Le budget des Danaïdes

Selon la mythologie grecque, les 50 filles du roi Danaos avaient été condamnées à remplir éternellement aux Enfers un tonneau dont le fond était percé. L’expression en est restée pour désigner une tâche impossible ou sans fin. Le Premier ministre, François Bayrou, lui, sait pertinemment qu’il n’a pas l’éternité devant lui, et il a choisi de prendre les devants pour tenter d’enfoncer le clou de la préparation du budget 2026, alors que 2025 aura déjà bien du mal à se boucler sans déficit supplémentaire. C’est donc au cœur de l’été qu’il a « invité » les partenaires sociaux à se concerter sur certains points, notamment l’assurance chômage dont la dernière réforme ne remonte qu’à 6 mois.

Il a également relancé la mesure polémique concernant la suppression de deux jours fériés, en proposant aux syndicats et au patronat le choix des dates au lundi de Pâques et au 8 mai. Les dates peuvent être négociées, du moment que le rendement est garanti. Autant dire que c’est une manœuvre destinée à détourner l’attention de l’essentiel, qui est de faire payer aux salariés, et à eux seuls, le gain attendu de 4,2 milliards d’euros, qui seront versés au budget de l’état par l’intermédiaire d’une contribution des entreprises. Ce que François Bayrou ne dit pas, et que le président du syndicat des cadres CFE-CGC, François Hommeril, a dévoilé hier sans être pour l’instant démenti, c’est que 2 jours fériés « rapportent » 1 % de la masse salariale, soit 8 milliards d’euros, dont les entreprises ne reverseraient que la moitié à l’état. Pendant que l’on discuterait du choix des dates, on laisserait en place le principe d’un allongement du temps de travail annuel, façon déguisée de rogner encore sur la mise en place des 35 heures, et alors que la perspective d’un hypothétique « plein emploi » fixé arbitrairement à 5 % de taux d’un chômage de moins en moins indemnisé s’éloigne régulièrement.

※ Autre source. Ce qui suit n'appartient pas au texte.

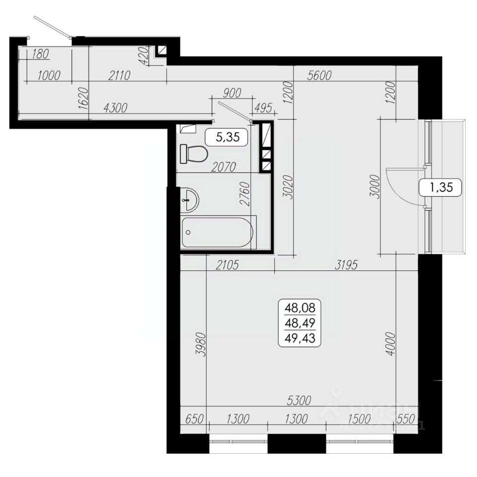 Общая площадь48,49 м2
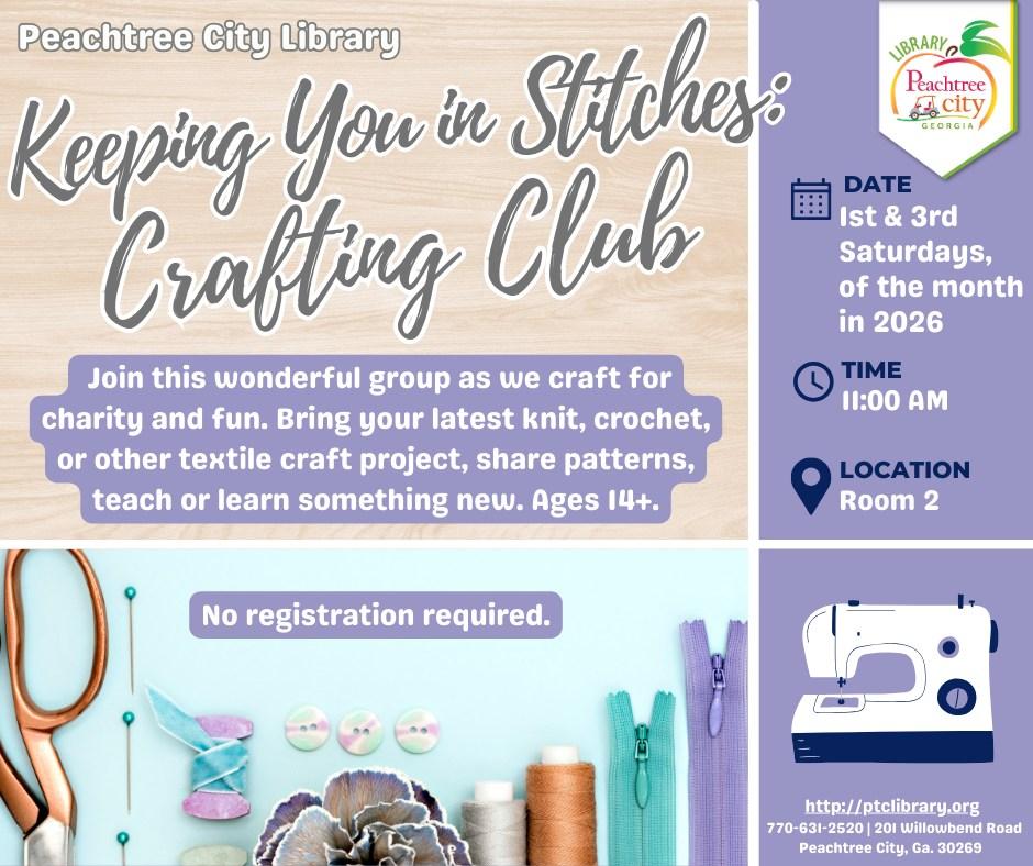 Join this wonderful group as we craft for charity and pleasure. Bring your latest knit, crochet, or other textile projects, share patterns, teach or learn something new. Grab a calendar of events. This is a free, drop-in event. Ages 18+. No registration required.
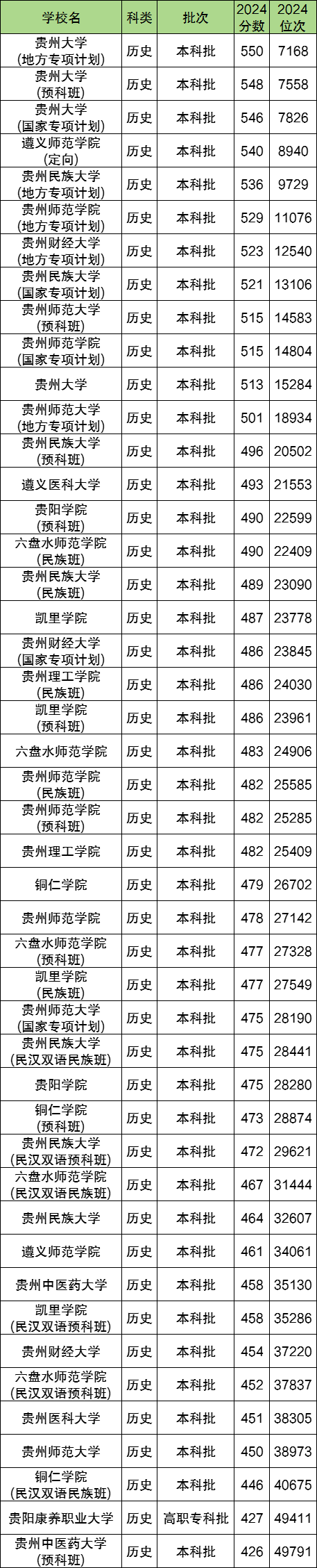 2024年在贵州省历史类科目录取中,收分最高的大学为贵州大学(地方专项计划),2024年最低分为550分,最低位次为7168名;其次是遵义师范学院(定向),2024年最低分为540分,最低位次为8940名。
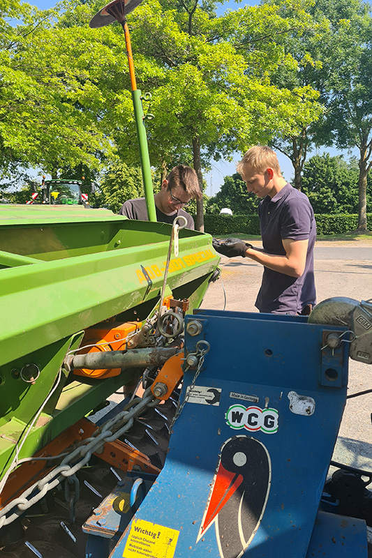 Beliebte Ausbildungssituationen für die praktische Unterweisung sind beispielsweise das Abdrehen der Sämaschine, Reifen wechseln, der Umgang mit Gefahrstoffen oder das Scheren einer Kuh.
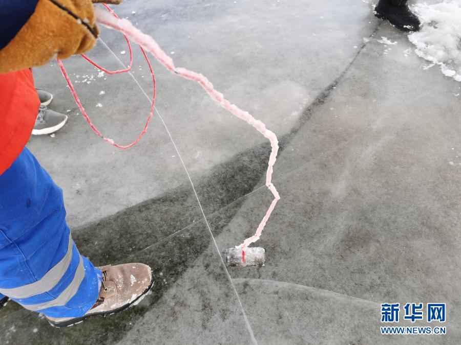 另外一名同事拿出測(cè)量繩,放入冰孔中,記錄下水深數(shù)據(jù)?!翱粗烎~似的,但我們‘釣’上來(lái)的是保障橋梁安全的數(shù)據(jù)。”史慶龍介紹,他們每年冬天需要在這座橋下兩側(cè)和正下方鉆出數(shù)百個(gè)冰孔。
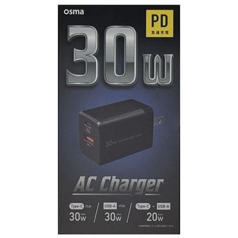 オズマ ACUCM-30PQBK ブラック PD30W出力 AC-USB充電器 2Port C&A

Le précédent de la suppression du lundi de Pentecôte comme jour férié sous le gouvernement Raffarin en 2004 pour financer la solidarité avec les personnes âgées n’incite guère à l’optimisme. Le lobby du tourisme a obtenu des aménagements qui ont vidé la mesure de son sens originel. La journée de solidarité, est désormais à géométrie variable, 70 % des Français ne travaillent pas ce jour-là, qui a été rétabli en 2008 comme férié. La recette qui continue à être perçue est très loin de suffire aux besoins du vieillissement de la population. François Hommeril va même plus loin en doutant que le patronat joue le jeu de la future taxe et se rattrape sur des non-augmentations de salaire. Quant au budget de l’état, faut-il rappeler qu’il est global et qu’aucune recette ne peut être affectée à une dépense particulière ? Souvenons-nous de la défunte vignette automobile dont les vieux n’ont jamais vu la couleur de l’argent.